■ Exercise materials:
·····

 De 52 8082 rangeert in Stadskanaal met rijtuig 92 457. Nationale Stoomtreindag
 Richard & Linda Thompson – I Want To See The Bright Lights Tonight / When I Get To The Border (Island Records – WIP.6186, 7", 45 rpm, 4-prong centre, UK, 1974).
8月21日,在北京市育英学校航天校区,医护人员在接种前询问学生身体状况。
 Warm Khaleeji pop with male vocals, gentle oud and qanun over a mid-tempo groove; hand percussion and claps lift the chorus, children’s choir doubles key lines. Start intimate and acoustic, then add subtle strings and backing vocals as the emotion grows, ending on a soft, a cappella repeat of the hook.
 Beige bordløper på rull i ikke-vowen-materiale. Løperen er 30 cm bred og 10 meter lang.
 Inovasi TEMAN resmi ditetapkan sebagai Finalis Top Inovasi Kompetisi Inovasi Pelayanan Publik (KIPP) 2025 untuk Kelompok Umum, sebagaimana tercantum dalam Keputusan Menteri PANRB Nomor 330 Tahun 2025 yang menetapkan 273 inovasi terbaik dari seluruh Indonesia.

·····

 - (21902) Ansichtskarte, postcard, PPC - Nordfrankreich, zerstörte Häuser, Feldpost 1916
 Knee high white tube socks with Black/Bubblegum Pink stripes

·····

■ Required work: Take each line from the preceding material that contains "with" and copy it.

■ Solution for this problem:
 Warm Khaleeji pop with male vocals, gentle oud and qanun over a mid-tempo groove; hand percussion and claps lift the chorus, children’s choir doubles key lines. Start intimate and acoustic, then add subtle strings and backing vocals as the emotion grows, ending on a soft, a cappella repeat of the hook.
 Knee high white tube socks with Black/Bubblegum Pink stripes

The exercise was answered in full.